-------- SUPPLIED DATA

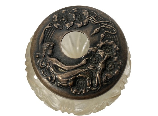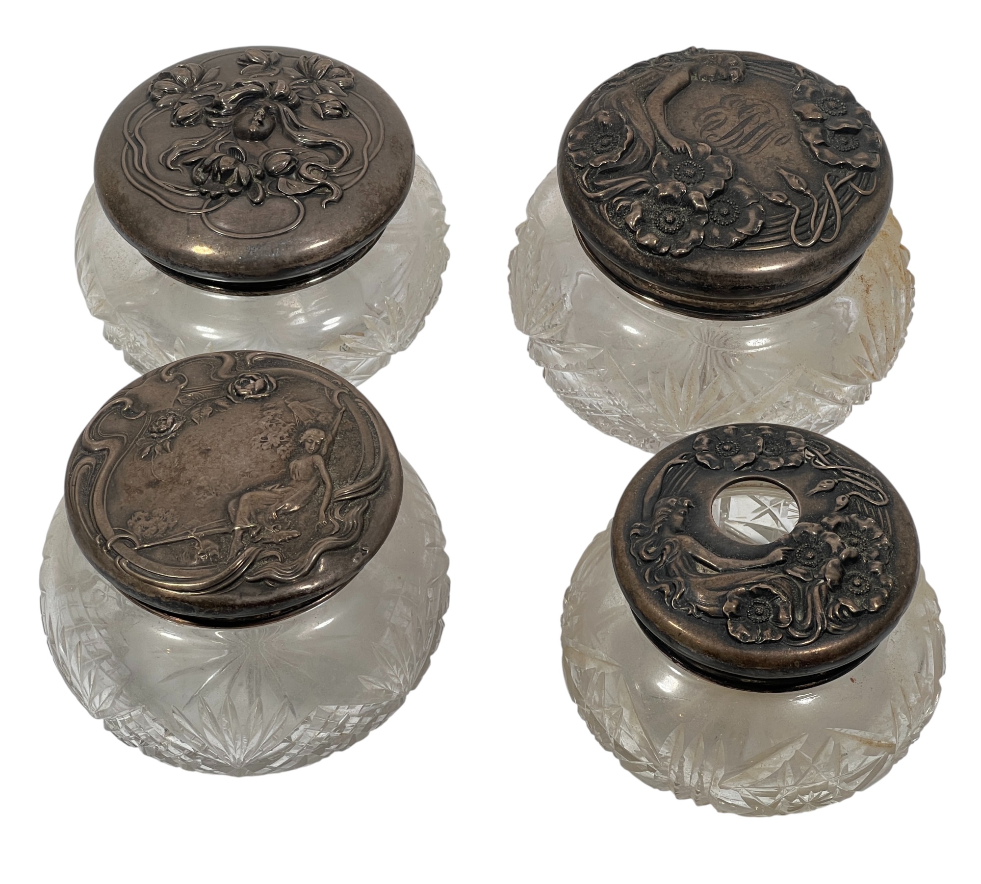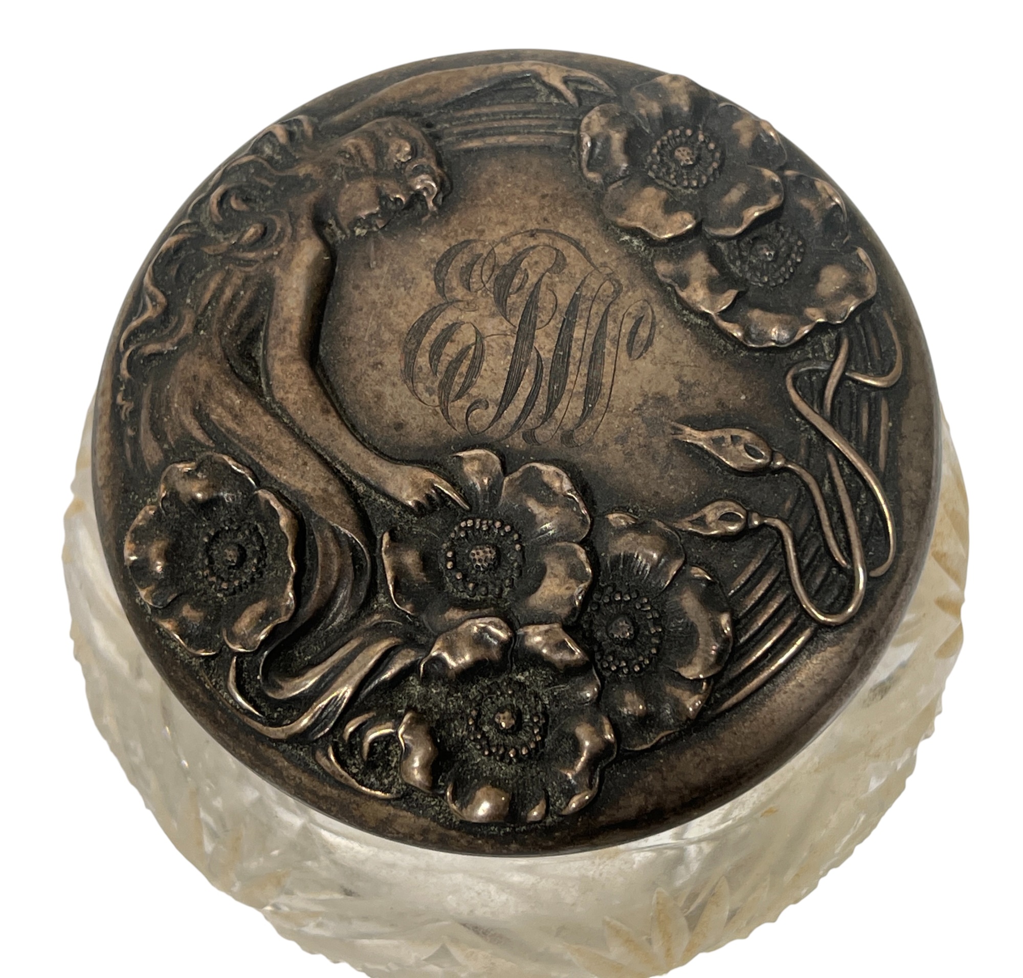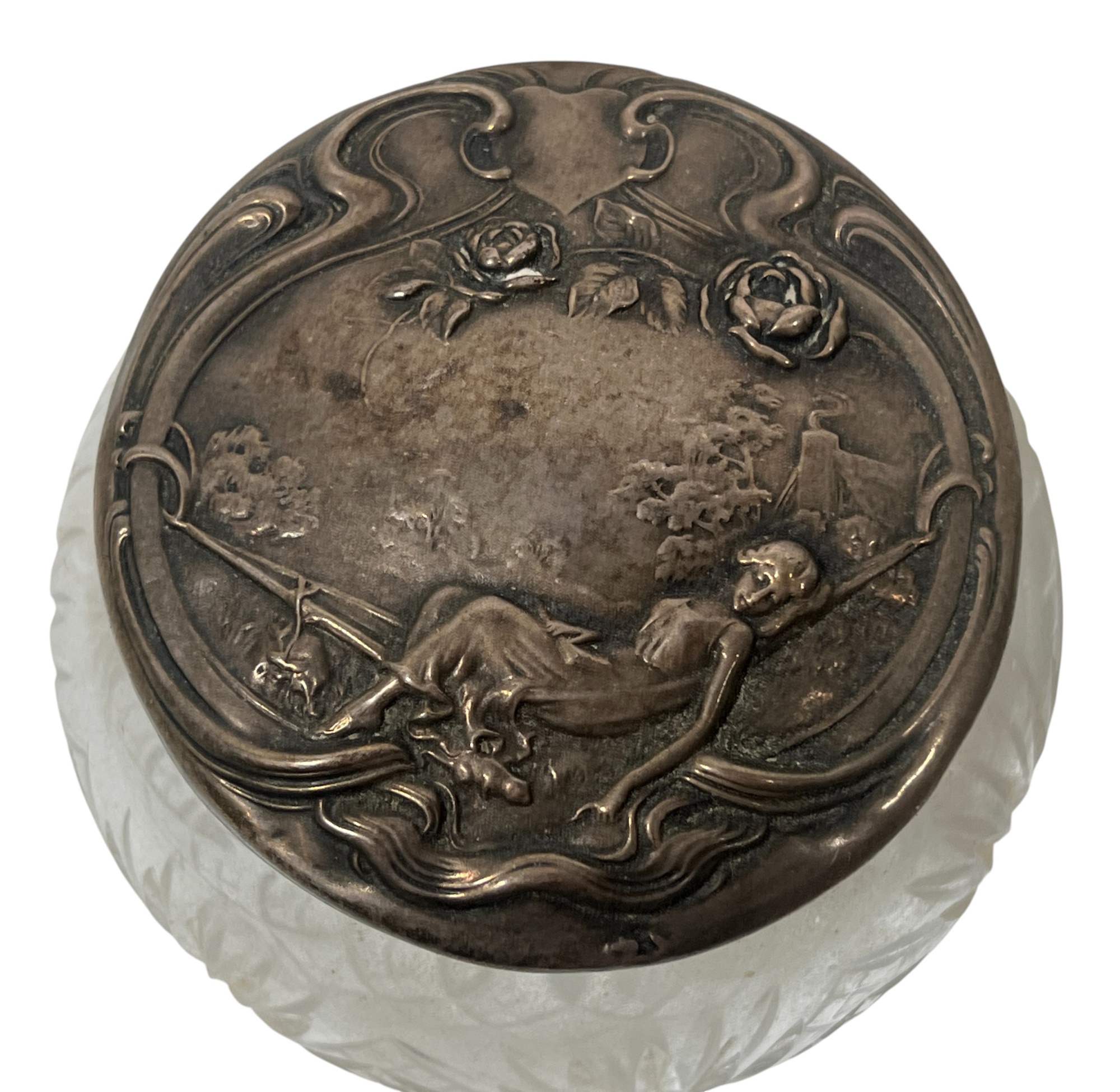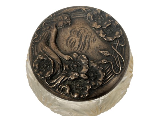 Sterling covers with fair maidens & Art Nouveau motifs. 3 1/2 x 4 inches. 5.86 ozt. Condition: Good. Temp No 8585
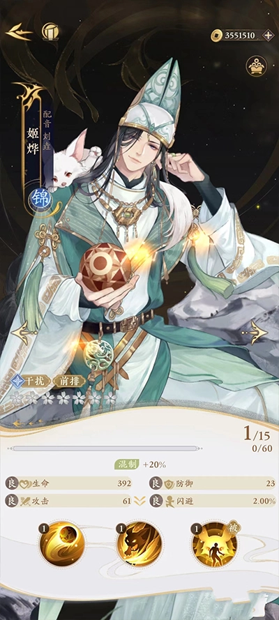 姜恒在战斗时兼具攻击与支援能力,其普攻“笔伐”可对单个目标造成伤害;大招“回神隐”不仅能对全体目标发起攻击,还能为队友提供生命回复的支援效果。此外,他的被动技能“成武不屈”赋予了自身持续回血的能力,有效提升了生存韧性。
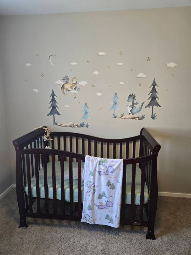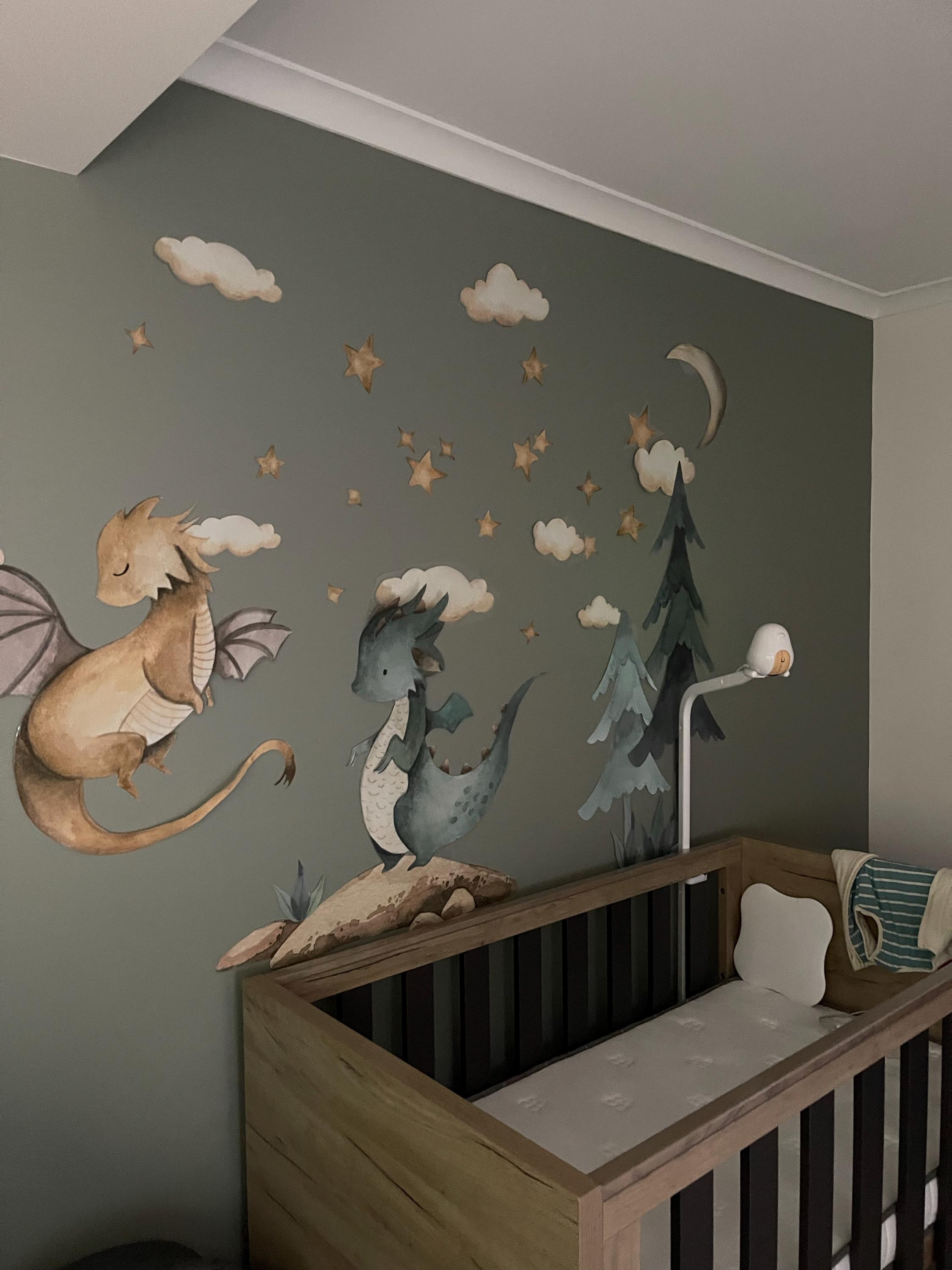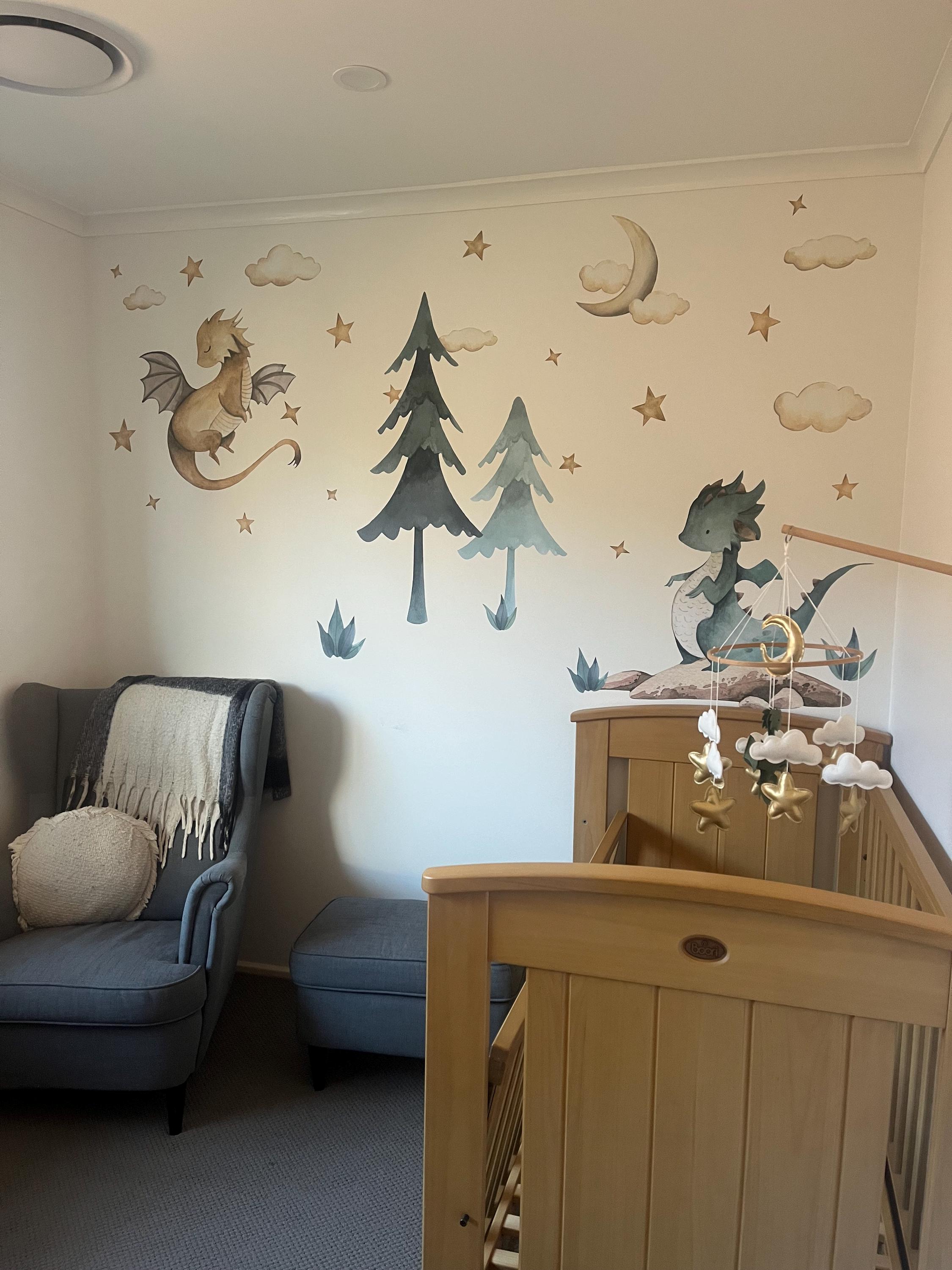 Baby Dragon Resting Under Stars Moon Trees Wall Decal - Removable Peel and Stick - BR426

----------------

Could the listing above be printed again in full, with every picture omitted?

### WORKED SOLUTION:
 Sterling covers with fair maidens & Art Nouveau motifs. 3 1/2 x 4 inches. 5.86 ozt. Condition: Good. Temp No 8585
 姜恒在战斗时兼具攻击与支援能力,其普攻“笔伐”可对单个目标造成伤害;大招“回神隐”不仅能对全体目标发起攻击,还能为队友提供生命回复的支援效果。此外,他的被动技能“成武不屈”赋予了自身持续回血的能力,有效提升了生存韧性。
 Baby Dragon Resting Under Stars Moon Trees Wall Decal - Removable Peel and Stick - BR426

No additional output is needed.